— Exercise instructions —
The entries below contain pictures, which are to be left out; write out exactly, and only, the lines from the line with "Forstørrelsesspejl på den" up to and including the line with "This Fendi Mini".

— Dataset excerpts —

══════════

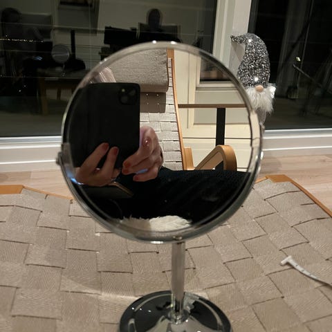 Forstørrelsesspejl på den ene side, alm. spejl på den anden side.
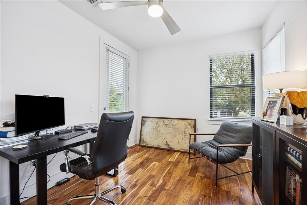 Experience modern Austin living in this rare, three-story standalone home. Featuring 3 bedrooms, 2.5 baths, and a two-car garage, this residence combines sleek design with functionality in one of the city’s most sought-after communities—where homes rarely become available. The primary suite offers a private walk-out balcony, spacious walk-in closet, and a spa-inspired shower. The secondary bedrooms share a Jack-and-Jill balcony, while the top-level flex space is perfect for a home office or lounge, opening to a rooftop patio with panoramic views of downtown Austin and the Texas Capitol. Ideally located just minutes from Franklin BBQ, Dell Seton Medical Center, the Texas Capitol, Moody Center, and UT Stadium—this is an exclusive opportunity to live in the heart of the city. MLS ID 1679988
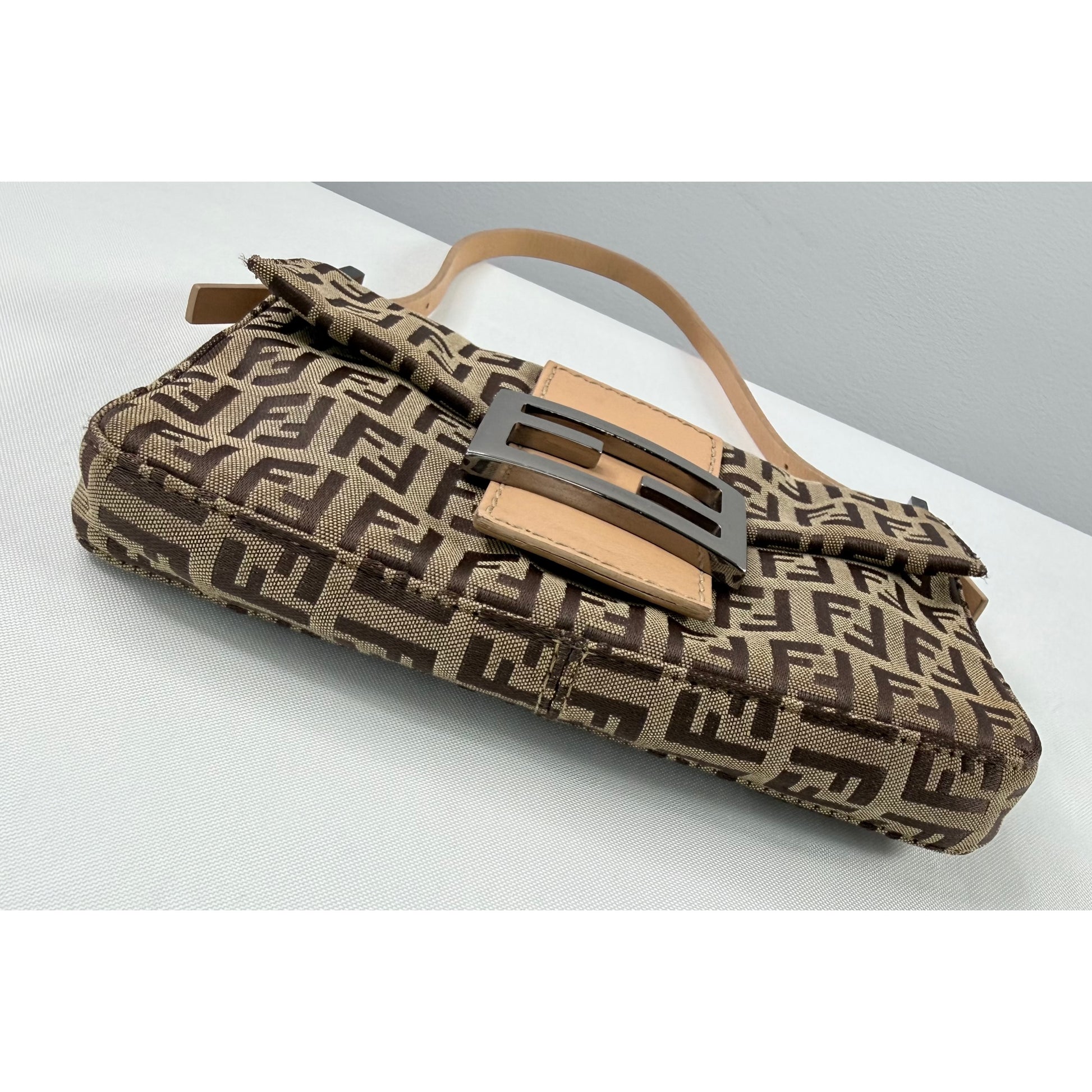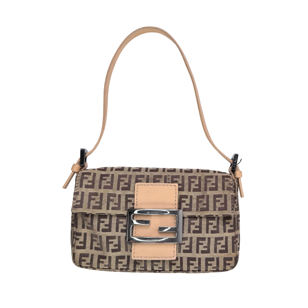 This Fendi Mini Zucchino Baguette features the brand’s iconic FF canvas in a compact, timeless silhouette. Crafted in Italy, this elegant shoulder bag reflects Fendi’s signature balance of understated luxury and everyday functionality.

══════════

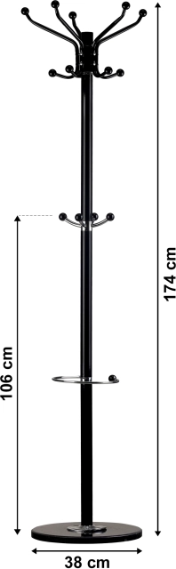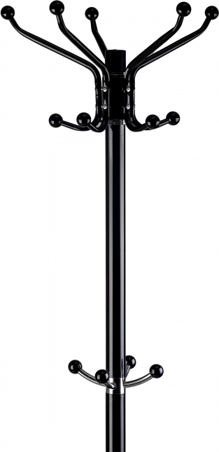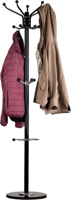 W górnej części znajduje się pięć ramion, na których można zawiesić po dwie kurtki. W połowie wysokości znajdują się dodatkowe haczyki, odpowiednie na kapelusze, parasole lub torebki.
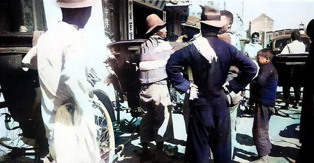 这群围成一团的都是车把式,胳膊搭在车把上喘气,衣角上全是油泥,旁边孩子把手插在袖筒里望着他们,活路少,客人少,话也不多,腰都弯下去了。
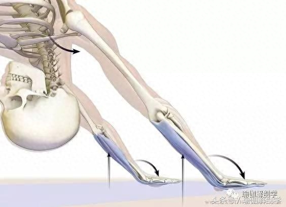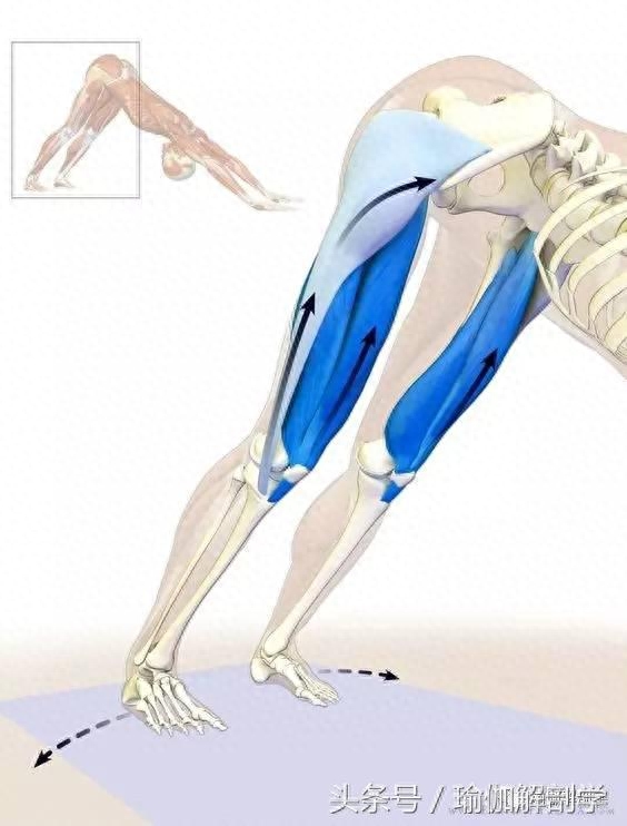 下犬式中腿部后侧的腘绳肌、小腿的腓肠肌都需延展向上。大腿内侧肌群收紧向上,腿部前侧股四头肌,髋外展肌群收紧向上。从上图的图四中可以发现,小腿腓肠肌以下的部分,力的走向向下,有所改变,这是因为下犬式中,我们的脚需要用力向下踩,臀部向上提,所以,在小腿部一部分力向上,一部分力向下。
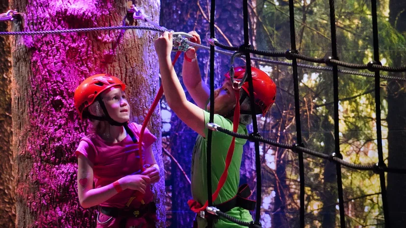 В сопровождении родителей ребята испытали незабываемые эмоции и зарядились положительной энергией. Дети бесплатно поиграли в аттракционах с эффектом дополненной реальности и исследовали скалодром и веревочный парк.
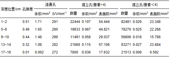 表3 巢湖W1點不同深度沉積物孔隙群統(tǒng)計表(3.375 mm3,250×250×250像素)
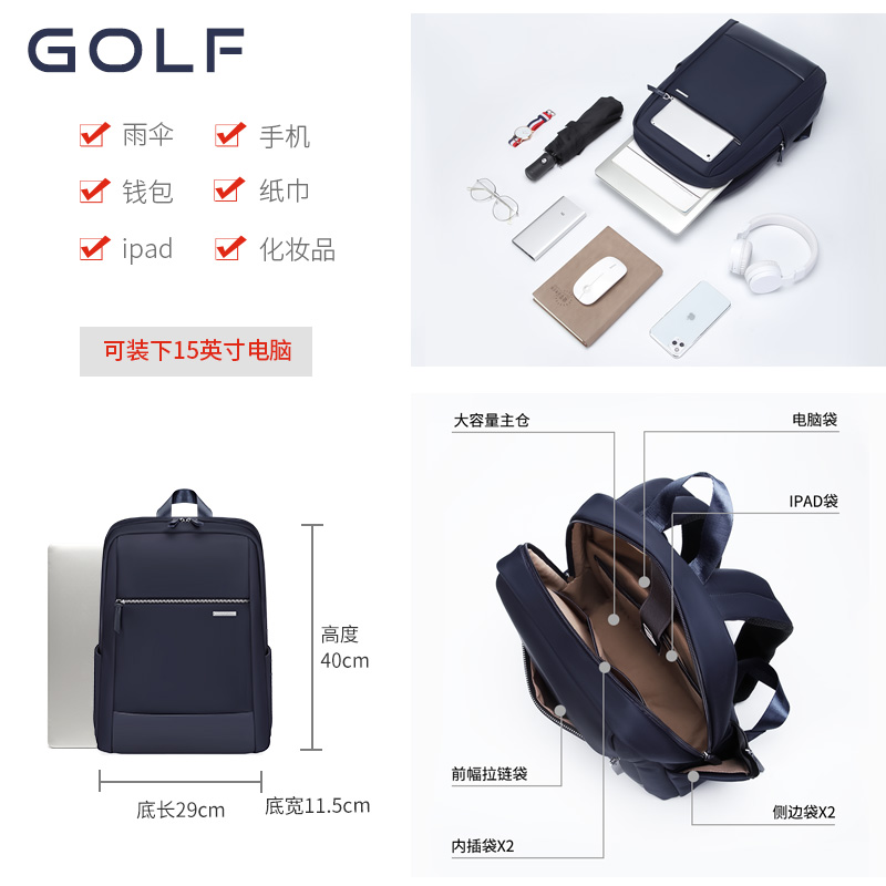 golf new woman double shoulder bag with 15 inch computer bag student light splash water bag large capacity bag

══════════

— Answer to this task —
 Forstørrelsesspejl på den ene side, alm. spejl på den anden side.
 Experience modern Austin living in this rare, three-story standalone home. Featuring 3 bedrooms, 2.5 baths, and a two-car garage, this residence combines sleek design with functionality in one of the city’s most sought-after communities—where homes rarely become available. The primary suite offers a private walk-out balcony, spacious walk-in closet, and a spa-inspired shower. The secondary bedrooms share a Jack-and-Jill balcony, while the top-level flex space is perfect for a home office or lounge, opening to a rooftop patio with panoramic views of downtown Austin and the Texas Capitol. Ideally located just minutes from Franklin BBQ, Dell Seton Medical Center, the Texas Capitol, Moody Center, and UT Stadium—this is an exclusive opportunity to live in the heart of the city. MLS ID 1679988
 This Fendi Mini Zucchino Baguette features the brand’s iconic FF canvas in a compact, timeless silhouette. Crafted in Italy, this elegant shoulder bag reflects Fendi’s signature balance of understated luxury and everyday functionality.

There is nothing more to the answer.